User avatar
support
Site Admin
Posts: 3022
Joined: Fri Feb 07, 2003 12:48 pm
Location: Melbourne, Australia
Contact:

Postby support » Sun Apr 15, 2007 11:42 am

diabloNL wrote:The script failed: rc=0

Normally, you get this error message if the script has a non-zero exit code or writes something to stderr (which is included in the error message).

The ret code is 0 and there's no stderr output logged but looking at the code, there is one additional case where this error message is raised: if nothing is written to stdout (I'll change things to output a more helpful message). So I think what's happened is that the plugin has not written out anything at all to stdout nor stderr.

Did you write the intermediary script I mentioned in the earlier post?

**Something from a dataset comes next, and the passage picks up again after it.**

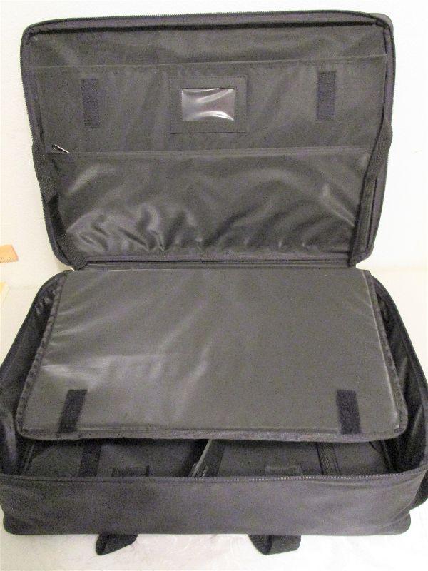 Black travel bag, looks new, has several compartments, 20"x13.5"x6"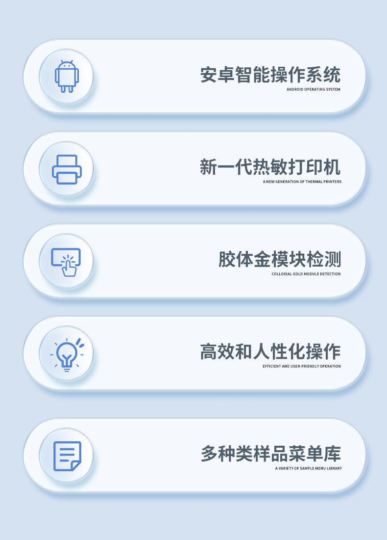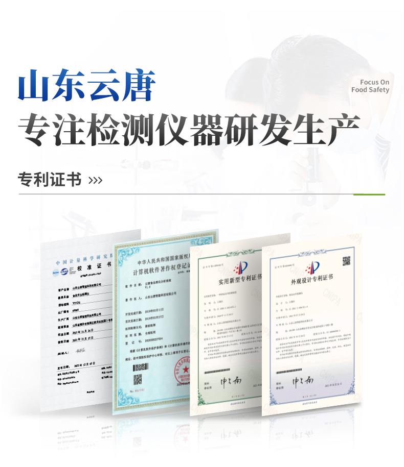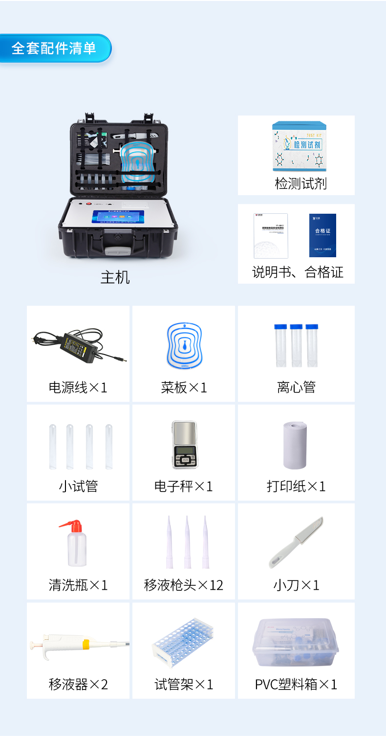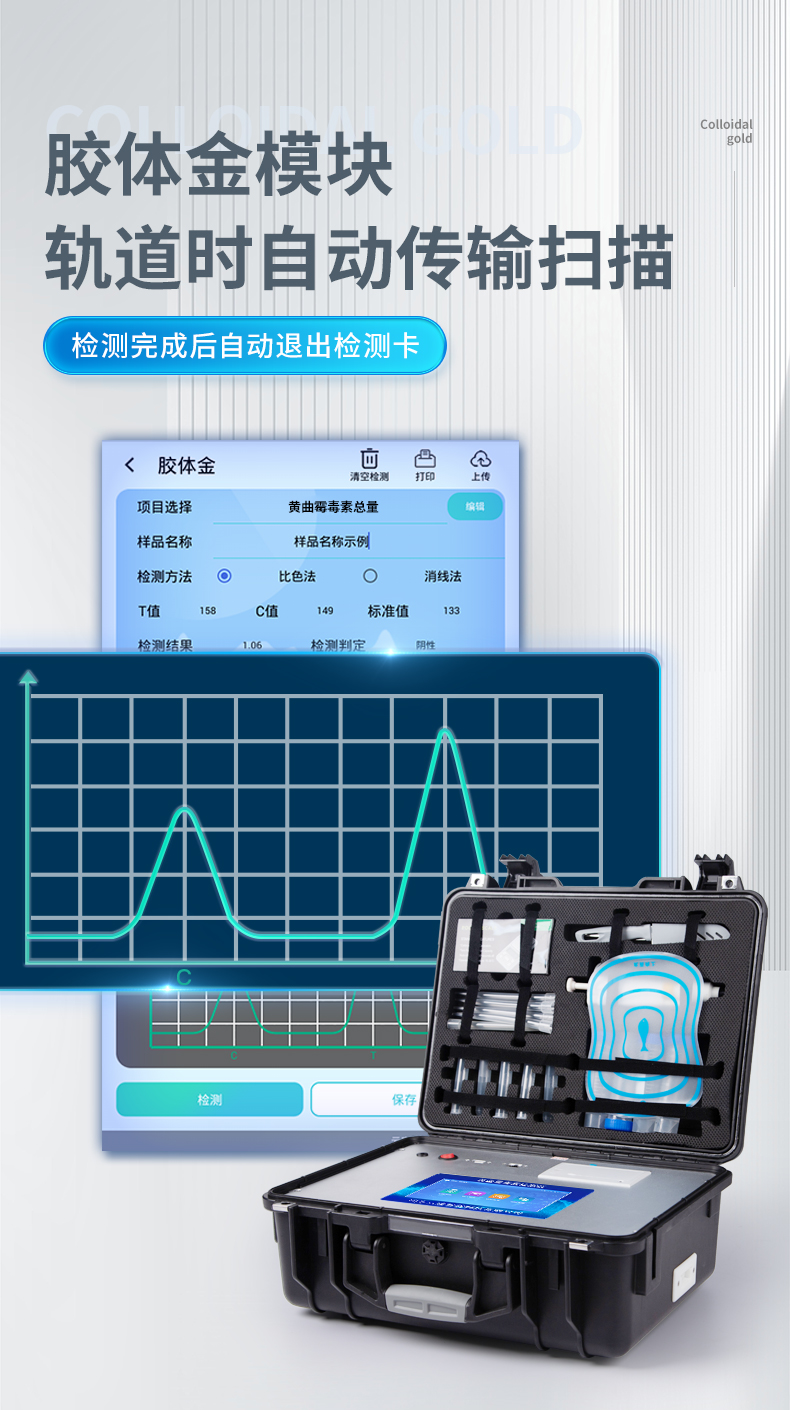| ◆ 安卓智能操作系统,采用更加**和人性化操作,仪器具有网线连接、wifi联网上传、GPRS无线远传功能,快速上传数据。 | 智能化程度高,仪器具有自检功能:具有开机自检和调零功能,具有自动检测重复性功能。 | ◆ 新一代高速热敏打印机,检测完成可自动打印检测报告和二维码。 | ◆ 仪器带有监管平台,数据可局域网和互联网数据上传,检测结果直接传至食品安全监管平台。进行区域食品安全监管及大数据分析处理与数据统计,检测区域食品安全长短期动态,达到食品安全问题预估、预警 | ◆ 一体化主机,包含食品安全检测模块、多通道农药残留检测模块、胶体金免疫层析检测模块。 | ◆ 一体化便携式快检设备,满足现场及流动检测使用需求,能够在同一软件下实现所有检测项目的检测,并可通过同一窗口直观显示检测结果。 | 胶体金模块检测方式:轨道式自动传输扫描,检测完成后自动退出检测卡。 | ◆ CT线自动识别,无需手动调整。 | ◆ 仪器具有品类多种类样品菜单库,可灵活选择检测样品,不同的检测通道可同时检测不同的样品项目。 | ◆ 样品处理简单省力,整体操作快速、安全、便捷。 | ◆ 仪器具有自身保护功能,可设置用户名及密码,防止非工作人员操作等。 | ◆ 高灵敏度,高检测精度,高重复性精度,扫描式高精度光学传感器。 | ◆ 内置强大的数据库,可在仪器上直接选择样品名称、检测指标、送检单位等信息,也可在仪器上直接编辑录入样品名称、检测指标、送检单位等信息并保存进样品数据库。 | ◆ 仪器具有重新校准、锁定、恢复出厂设置功能。 | ◆ 结果判定线可修改,对照值标定值可保存,断电不丢失数据。 | ◆ 兼容市场上所有的胶体金卡,使用耗材不受限制,极大增强用户使用体验。 |

You need to make sure it calls WebScrape.exe after logging the input HTML file so that Awasu receives some output, otherwise this error is probably what you will see.

User avatar
diabloNL
Posts: 55
Joined: Mon Feb 26, 2007 6:08 am

Postby diabloNL » Sun Apr 15, 2007 12:00 pm

support wrote:
diabloNL wrote:The script failed: rc=0

Normally, you get this error message if the script has a non-zero exit code or writes something to stderr (which is included in the error message).

The ret code is 0 and there's no stderr output logged but looking at the code, there is one additional case where this error message is raised: if nothing is written to stdout (I'll change things to output a more helpful message). So I think what's happened is that the plugin has not written out anything at all to stdout nor stderr.

Did you write the intermediary script I mentioned in the earlier post? You need to make sure it calls WebScrape.exe after logging the input HTML file so that Awasu receives some output, otherwise this error is probably what you will see.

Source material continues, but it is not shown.